AIM OF THE EXERCISE: Give each entry back by retyping it exactly as written.

Stored items from a collection:
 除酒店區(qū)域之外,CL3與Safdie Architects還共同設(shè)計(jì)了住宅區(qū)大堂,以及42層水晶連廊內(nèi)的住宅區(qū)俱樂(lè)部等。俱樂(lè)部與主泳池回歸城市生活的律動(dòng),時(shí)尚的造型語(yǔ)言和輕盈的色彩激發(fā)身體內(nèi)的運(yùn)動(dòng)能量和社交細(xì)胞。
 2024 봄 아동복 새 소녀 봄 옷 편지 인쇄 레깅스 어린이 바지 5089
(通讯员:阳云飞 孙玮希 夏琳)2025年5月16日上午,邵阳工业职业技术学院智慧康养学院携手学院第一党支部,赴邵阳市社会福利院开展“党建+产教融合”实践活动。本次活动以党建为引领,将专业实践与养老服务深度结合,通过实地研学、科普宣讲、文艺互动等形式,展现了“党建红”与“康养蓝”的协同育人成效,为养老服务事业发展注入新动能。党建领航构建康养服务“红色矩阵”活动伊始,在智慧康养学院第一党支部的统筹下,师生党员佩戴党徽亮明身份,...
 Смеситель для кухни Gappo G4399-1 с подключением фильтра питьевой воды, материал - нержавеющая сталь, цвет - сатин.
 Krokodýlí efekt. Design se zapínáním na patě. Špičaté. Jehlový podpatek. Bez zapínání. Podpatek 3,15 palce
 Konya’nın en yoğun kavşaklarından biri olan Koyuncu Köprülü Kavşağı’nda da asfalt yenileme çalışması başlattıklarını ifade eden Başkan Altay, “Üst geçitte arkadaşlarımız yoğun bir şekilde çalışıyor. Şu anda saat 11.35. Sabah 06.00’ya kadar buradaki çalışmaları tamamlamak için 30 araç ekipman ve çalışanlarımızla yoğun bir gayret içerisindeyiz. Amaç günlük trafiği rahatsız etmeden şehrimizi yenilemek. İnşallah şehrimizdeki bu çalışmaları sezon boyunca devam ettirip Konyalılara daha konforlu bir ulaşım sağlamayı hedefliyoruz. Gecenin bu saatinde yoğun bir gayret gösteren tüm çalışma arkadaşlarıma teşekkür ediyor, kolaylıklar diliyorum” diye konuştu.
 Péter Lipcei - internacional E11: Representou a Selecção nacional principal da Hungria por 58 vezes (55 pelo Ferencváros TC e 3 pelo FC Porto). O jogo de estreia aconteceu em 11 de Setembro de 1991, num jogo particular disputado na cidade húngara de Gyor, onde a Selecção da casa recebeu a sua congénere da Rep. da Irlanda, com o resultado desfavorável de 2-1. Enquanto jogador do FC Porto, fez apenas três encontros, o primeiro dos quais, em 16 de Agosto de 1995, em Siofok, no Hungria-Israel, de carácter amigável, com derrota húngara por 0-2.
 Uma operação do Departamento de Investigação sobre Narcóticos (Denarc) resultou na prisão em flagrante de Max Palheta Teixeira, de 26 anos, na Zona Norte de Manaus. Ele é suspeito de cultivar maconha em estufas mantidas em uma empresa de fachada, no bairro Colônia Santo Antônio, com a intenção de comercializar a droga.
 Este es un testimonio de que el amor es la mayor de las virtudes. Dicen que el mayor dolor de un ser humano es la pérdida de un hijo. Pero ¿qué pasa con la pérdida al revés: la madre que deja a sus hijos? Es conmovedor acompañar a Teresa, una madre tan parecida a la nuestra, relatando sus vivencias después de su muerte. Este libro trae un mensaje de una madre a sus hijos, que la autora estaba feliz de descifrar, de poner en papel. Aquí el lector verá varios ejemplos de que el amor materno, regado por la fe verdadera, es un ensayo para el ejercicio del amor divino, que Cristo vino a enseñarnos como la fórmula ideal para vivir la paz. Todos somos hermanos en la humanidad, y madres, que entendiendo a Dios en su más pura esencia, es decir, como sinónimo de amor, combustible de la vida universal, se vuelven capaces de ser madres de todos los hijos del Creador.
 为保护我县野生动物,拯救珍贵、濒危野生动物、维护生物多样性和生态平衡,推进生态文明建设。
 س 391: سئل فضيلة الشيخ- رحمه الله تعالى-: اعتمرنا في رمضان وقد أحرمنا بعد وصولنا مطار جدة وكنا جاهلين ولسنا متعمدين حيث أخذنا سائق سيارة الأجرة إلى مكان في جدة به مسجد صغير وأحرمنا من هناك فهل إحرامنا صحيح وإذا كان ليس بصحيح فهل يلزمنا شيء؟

RESULT OF THE EXERCISE:
 除酒店區(qū)域之外,CL3與Safdie Architects還共同設(shè)計(jì)了住宅區(qū)大堂,以及42層水晶連廊內(nèi)的住宅區(qū)俱樂(lè)部等。俱樂(lè)部與主泳池回歸城市生活的律動(dòng),時(shí)尚的造型語(yǔ)言和輕盈的色彩激發(fā)身體內(nèi)的運(yùn)動(dòng)能量和社交細(xì)胞。
 2024 봄 아동복 새 소녀 봄 옷 편지 인쇄 레깅스 어린이 바지 5089
(通讯员:阳云飞 孙玮希 夏琳)2025年5月16日上午,邵阳工业职业技术学院智慧康养学院携手学院第一党支部,赴邵阳市社会福利院开展“党建+产教融合”实践活动。本次活动以党建为引领,将专业实践与养老服务深度结合,通过实地研学、科普宣讲、文艺互动等形式,展现了“党建红”与“康养蓝”的协同育人成效,为养老服务事业发展注入新动能。党建领航构建康养服务“红色矩阵”活动伊始,在智慧康养学院第一党支部的统筹下,师生党员佩戴党徽亮明身份,...
 Смеситель для кухни Gappo G4399-1 с подключением фильтра питьевой воды, материал - нержавеющая сталь, цвет - сатин.
 Krokodýlí efekt. Design se zapínáním na patě. Špičaté. Jehlový podpatek. Bez zapínání. Podpatek 3,15 palce
 Konya’nın en yoğun kavşaklarından biri olan Koyuncu Köprülü Kavşağı’nda da asfalt yenileme çalışması başlattıklarını ifade eden Başkan Altay, “Üst geçitte arkadaşlarımız yoğun bir şekilde çalışıyor. Şu anda saat 11.35. Sabah 06.00’ya kadar buradaki çalışmaları tamamlamak için 30 araç ekipman ve çalışanlarımızla yoğun bir gayret içerisindeyiz. Amaç günlük trafiği rahatsız etmeden şehrimizi yenilemek. İnşallah şehrimizdeki bu çalışmaları sezon boyunca devam ettirip Konyalılara daha konforlu bir ulaşım sağlamayı hedefliyoruz. Gecenin bu saatinde yoğun bir gayret gösteren tüm çalışma arkadaşlarıma teşekkür ediyor, kolaylıklar diliyorum” diye konuştu.
 Péter Lipcei - internacional E11: Representou a Selecção nacional principal da Hungria por 58 vezes (55 pelo Ferencváros TC e 3 pelo FC Porto). O jogo de estreia aconteceu em 11 de Setembro de 1991, num jogo particular disputado na cidade húngara de Gyor, onde a Selecção da casa recebeu a sua congénere da Rep. da Irlanda, com o resultado desfavorável de 2-1. Enquanto jogador do FC Porto, fez apenas três encontros, o primeiro dos quais, em 16 de Agosto de 1995, em Siofok, no Hungria-Israel, de carácter amigável, com derrota húngara por 0-2.
 Uma operação do Departamento de Investigação sobre Narcóticos (Denarc) resultou na prisão em flagrante de Max Palheta Teixeira, de 26 anos, na Zona Norte de Manaus. Ele é suspeito de cultivar maconha em estufas mantidas em uma empresa de fachada, no bairro Colônia Santo Antônio, com a intenção de comercializar a droga.
 Este es un testimonio de que el amor es la mayor de las virtudes. Dicen que el mayor dolor de un ser humano es la pérdida de un hijo. Pero ¿qué pasa con la pérdida al revés: la madre que deja a sus hijos? Es conmovedor acompañar a Teresa, una madre tan parecida a la nuestra, relatando sus vivencias después de su muerte. Este libro trae un mensaje de una madre a sus hijos, que la autora estaba feliz de descifrar, de poner en papel. Aquí el lector verá varios ejemplos de que el amor materno, regado por la fe verdadera, es un ensayo para el ejercicio del amor divino, que Cristo vino a enseñarnos como la fórmula ideal para vivir la paz. Todos somos hermanos en la humanidad, y madres, que entendiendo a Dios en su más pura esencia, es decir, como sinónimo de amor, combustible de la vida universal, se vuelven capaces de ser madres de todos los hijos del Creador.
 为保护我县野生动物,拯救珍贵、濒危野生动物、维护生物多样性和生态平衡,推进生态文明建设。
 س 391: سئل فضيلة الشيخ- رحمه الله تعالى-: اعتمرنا في رمضان وقد أحرمنا بعد وصولنا مطار جدة وكنا جاهلين ولسنا متعمدين حيث أخذنا سائق سيارة الأجرة إلى مكان في جدة به مسجد صغير وأحرمنا من هناك فهل إحرامنا صحيح وإذا كان ليس بصحيح فهل يلزمنا شيء؟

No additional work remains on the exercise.